= Sociedad de Lucha Contra el Cancer =

A child being treated in a SOLCA facility

Sociedad de Lucha Contra el Cancer (Society to Fight Cancer), a.k.a. SOLCA, is an Ecuadoran committee which disseminates techniques for fighting cancer. It was formed on December 7, 1951.

==History==

During the 40s, Dr. Juan Tanca Marengo, a distinguished Ecuadorian doctor and humanist, worried about public health and all the different types of cancer, considered that it was necessary for him to share his oncologic knowledge with the medicine students and with doctors in general. His purpose was to establish prevention and healing campaigns, through the creation of an institute dedicated to the fight against cancer. December 7 of 1951, he calls a group of his closest doctor friends to found one of the public works with the most transcendence in Ecuador: the Sociedad de Lucha contra el cancer, or SOLCA.
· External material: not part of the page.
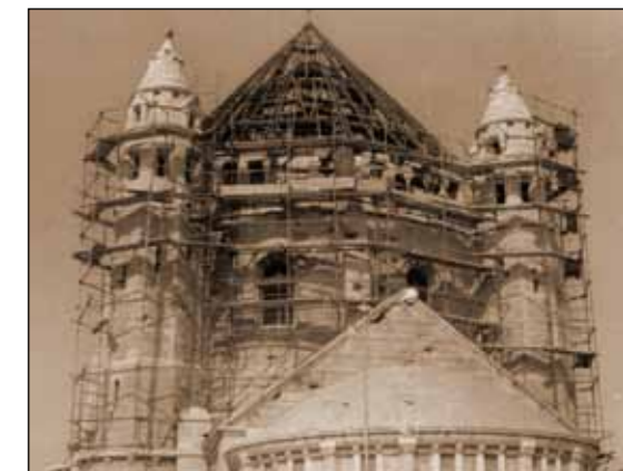
Immer wieder Kriegsspuren: Der zerschossene Glockenturm nach 1948. Reparatur und Wiederaufbau des Dachstuhls über der Kirchenkuppel.

1984/85 beginnen mit den Ausschachtungs- und Ausgrabungsarbeiten auf dem Gelände des so genannten „Amerikanischen Friedhofs“ die Arbeiten für den dringend notwendigen Erweiterungsbau für einen Klosterladen, Büros und Gästezimmer. Bei diesen Arbeiten stößt man

In 1953, the government started to organize the creation of the building SOLCA, which was declared Society "fight with the cancer" in Ecuador.
In 1957 the radiotheraphy and surgery department were built.
With the pass of the years SOLCA have grown been one of the most important hospitals in Ecuador.

==Institute activities==

===Structure===

Capacity of people: 155 beds

Average lodge: 5.5 days

Occupation average: 62.2%

===Prevention===

Not only it's important the fight against cancer, but it also is the prevention of it. Hence, the operation of this activity has been giving through interactive lectures, conferences, graphics and demonstrations among people.

a.- Professional Technicians from SOLCA.

b.- Professional Technicians from other institutions.

c.- Population in general.

===Diseases treated===

- Hodgkin adult diseases
- Head and Neck tumors
- Tumors located in tender parts
- Lung Cancer
- Thyroid Cancer
- Breast Cancer
- Leukemia
- Intestinal Cancer
- Esophagus Cancer
- Stomach Cancer

==Collaborators==

Nowadays SOLCA is one of the most important hospitals in America. A lot of people, companies and industries collaborate daily with this institution. One of the most important and loyal is the ladies' committee, a group of ladies from any and all social status that offers their services without any kind of reward.